→ ACTIVITY: The answer must reproduce exactly the lines from the one with "Chic, flattering one-piece" through the end of the material, and it must contain no pictures.

→ THE INPUT:
• • •

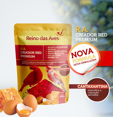 Alimento completo e balanceado para passaros granivoros, indicado para canário de cor vermelha e corrupião.
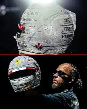 Накануне ночной гонки в Лас-Вегасе Льюис Хэмилтон представил один из самых эффектных шлемов сезона: полностью серебристый, с миллионами микро-блёсток, которые идеально отражают неоновые огни Стрипа. Вместе с напарником Шарлем Леклером британец выйдет на старт в специальных ретро-красных комбинезонах Ferrari, посвящённых 20-летию партнёрства с Puma.
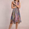 Chic, flattering one-piece swimsuit with striped Lurex texture and thin straps.
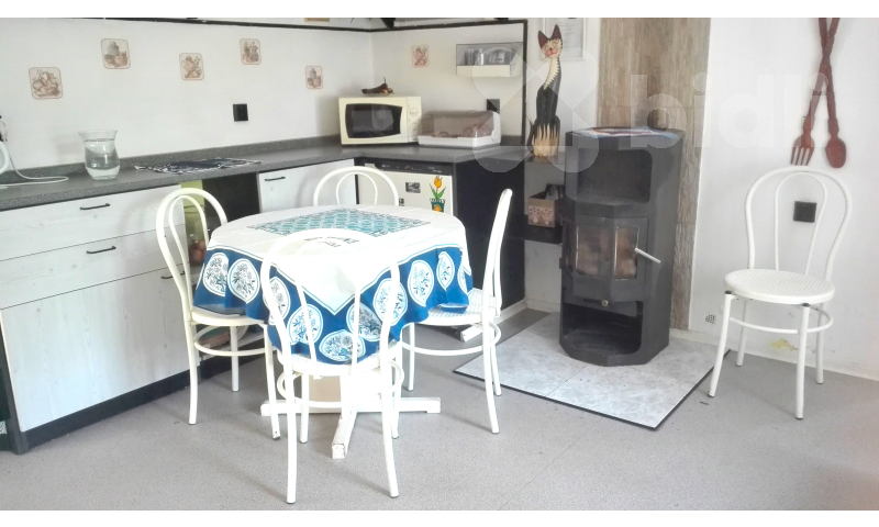 Vytápění zajišťují krbová kamna, při větších mrazech pomohou elektrické přímotopy.
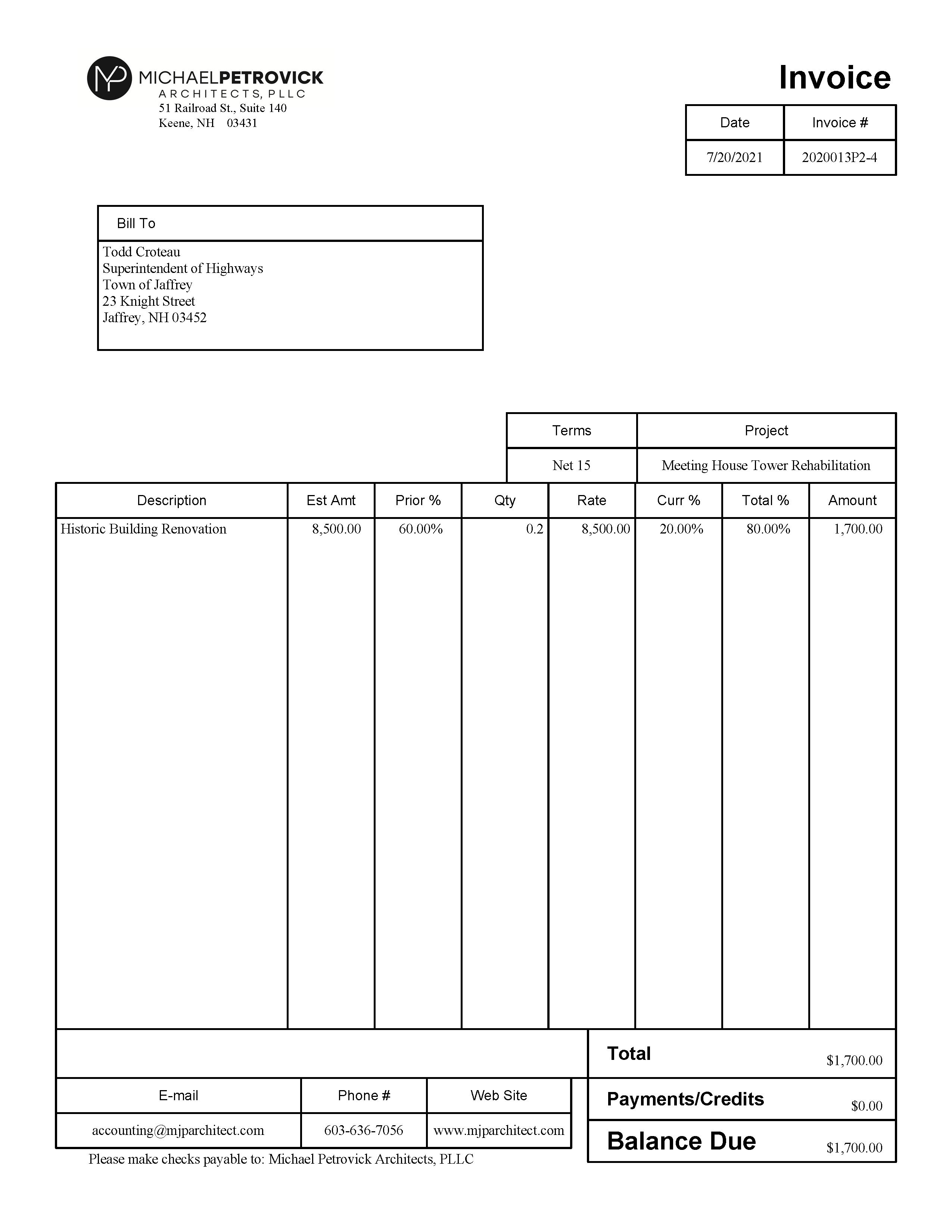 (#1) Invoice from Michael Petrovick, June 23, 2020. Historic Building Assessment.

• • •

→ COMPLETED TASK:
 Chic, flattering one-piece swimsuit with striped Lurex texture and thin straps.
 Vytápění zajišťují krbová kamna, při větších mrazech pomohou elektrické přímotopy.
 (#1) Invoice from Michael Petrovick, June 23, 2020. Historic Building Assessment.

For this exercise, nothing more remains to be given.